I have 2 DC, DD is 10 and DS is 12. Every summer they spend a few weeks at my in-laws holiday home, the cousins are always around and it is generally lovely. We live close to DHs brother and his wife, their daughter is 9 and goes to the same school as our DD. For years they were very close, but over the last year or so they have drifted.
Tonight DD and I were in her room together and she opened up to me and got quite upset. She told me didn’t want to go to her grandparents this summer. When I asked why she was hesitant to answer, then eventually said she doesn’t like her cousin.

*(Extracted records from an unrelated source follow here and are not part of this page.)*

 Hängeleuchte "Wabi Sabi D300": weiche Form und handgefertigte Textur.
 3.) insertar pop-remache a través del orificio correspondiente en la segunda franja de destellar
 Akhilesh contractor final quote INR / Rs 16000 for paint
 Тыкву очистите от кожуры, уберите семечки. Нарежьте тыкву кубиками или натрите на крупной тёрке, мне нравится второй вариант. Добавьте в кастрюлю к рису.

I asked more and I think DD is a bit jealous of her cousin.
For context my niece is an only child and very clearly her parents primary focus in life, she has expensive private tennis lessons, the best ballet school in our city, however she is just also talented for her age, she’s a very good piano player, a very pretty singer, and a bit fearless. She is a competitive child, but she is kind and very sweet so I don’t think there are any issues in the sense of bullying, rather DD just feels a bit jealous of the attention her cousin gets (she is also the youngest grandchild).

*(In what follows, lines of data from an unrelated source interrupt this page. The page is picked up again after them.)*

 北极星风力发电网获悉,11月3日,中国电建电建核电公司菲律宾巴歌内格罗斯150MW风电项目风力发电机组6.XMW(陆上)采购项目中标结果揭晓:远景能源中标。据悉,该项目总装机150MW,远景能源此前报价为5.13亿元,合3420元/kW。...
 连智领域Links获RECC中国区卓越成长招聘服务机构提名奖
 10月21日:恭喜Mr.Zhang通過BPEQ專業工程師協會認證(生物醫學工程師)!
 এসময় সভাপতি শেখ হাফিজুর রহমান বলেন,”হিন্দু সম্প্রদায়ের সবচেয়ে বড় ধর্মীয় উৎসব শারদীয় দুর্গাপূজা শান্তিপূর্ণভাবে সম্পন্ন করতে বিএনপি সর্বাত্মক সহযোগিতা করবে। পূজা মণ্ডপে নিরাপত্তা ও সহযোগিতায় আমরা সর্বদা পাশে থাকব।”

DD is of course also very talented but maybe in ways that are less rewarded, she doesn’t love sports or music or art, but loves maths, geography, learning new things, is fascinated by history and enjoys reading. She is also very kind, a friend to all and loves helping her grandparents.
DD is also a bit sensitive as although she is over a year older than her cousin, her cousin is noticeably taller than her so she feels she gets viewed as the “baby”. I think there is also a wound as my son has on occasion said he would prefer his cousin were his sister. I’ve told him off for saying this. I think for DS it’s because he has more in common with his cousin, his cousin is more willing to kick a ball around with him, climb a tree or race him up and down the drive way. He and DD get on perfectly well when it’s just them.
I tried to reassure DD that she has many many qualities, is smart, funny, kind, that her grandparents love her dearly and she would be very very missed if she didn’t go.
AIBU to still send her? She is now old enough where we don’t need the child care per se, she could occupy herself while I work from home but I think it would be so sad for her to miss out and I know DS will want to go.
Any advice on how to deal with this?